Wright was preaching to the converted, in my case, when he makes the case for getting a grip and living within our means before we exhaust the carrying capacity of mother Earth. I enjoyed reading his book, A Short History of Progress, all the same, despite the scary moments when you want to tear your hair and yell, "No, no, I don't want to be living in the last century of progress!" and then despair because it looks like the only way to prevent it is to get all the greedy guys in control of the goodies to stop panicing about hoarding up even more of their unfair share of the spoils and start thinking about the future, instead.
But I've been depressed about the fact many of the most powerful people on the Earth are certifiable maniacs ever since it was brought to my attention, as a young adult, that world leaders were seriously considering destroying all life on Earth if necessary, just to decide who was right about how life ought to be lived on Earth. Go figure. No child of the cold war can be shocked by the notion that the rich and powerful might have the emotional maturity of juvenile delinquents armed with machine guns in a crowded school yard.

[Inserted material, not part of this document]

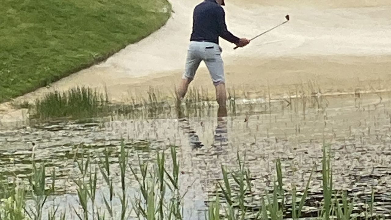 Martin Kaymer an der 18 : Der Abschlag ging leider in den Tümpel.

If there was a sour note, for me, in the pleasure of finding a book that gets a vital message out there as effectively as A Short History of Progress, it was hearing through the grapevine that the author, Ronald Wright, is disparaging about Jared Diamond's masterpiece, Guns, Germs, and Steel. I don't find the two of them at all incompatible. Wright stresses the boom and bust inevitabilities of those who consume without reference to sustainability. Diamond answers the question of why some areas of the Earth did better than others in the race for dominance, presuming all human beings had an equal innate potential to win the development sweep stakes.

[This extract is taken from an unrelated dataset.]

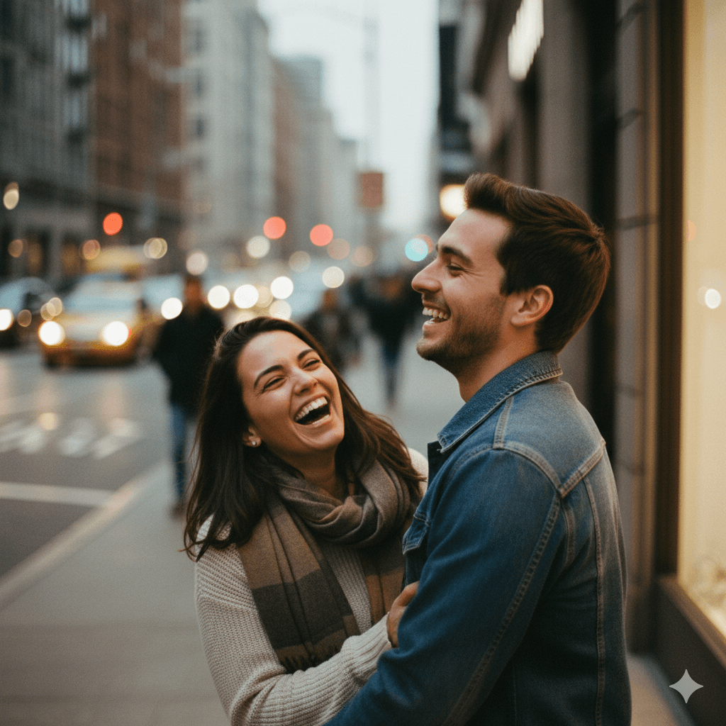 Couple laughing at a street corner, soft background blur, handheld documentary feel.

Perhaps the friction, if there is any (a quick website failed to find anything I could use to deny or confirm the rumor), stems from the familiar if often unfortunate rivalry arising from different disciplinary perspectives. Jared Diamond is a scientist. Wright comes to his conclusions from the humanities and social sciences end of things.
Personally I feel that there is plenty in "Guns, Germs, and Steel" to support and reinforce the idea that it is high time for man to know himself, as Wright concludes in A Short History, as "an Ice Age hunter only half-evolved towards intelligent; clever but seldom wise."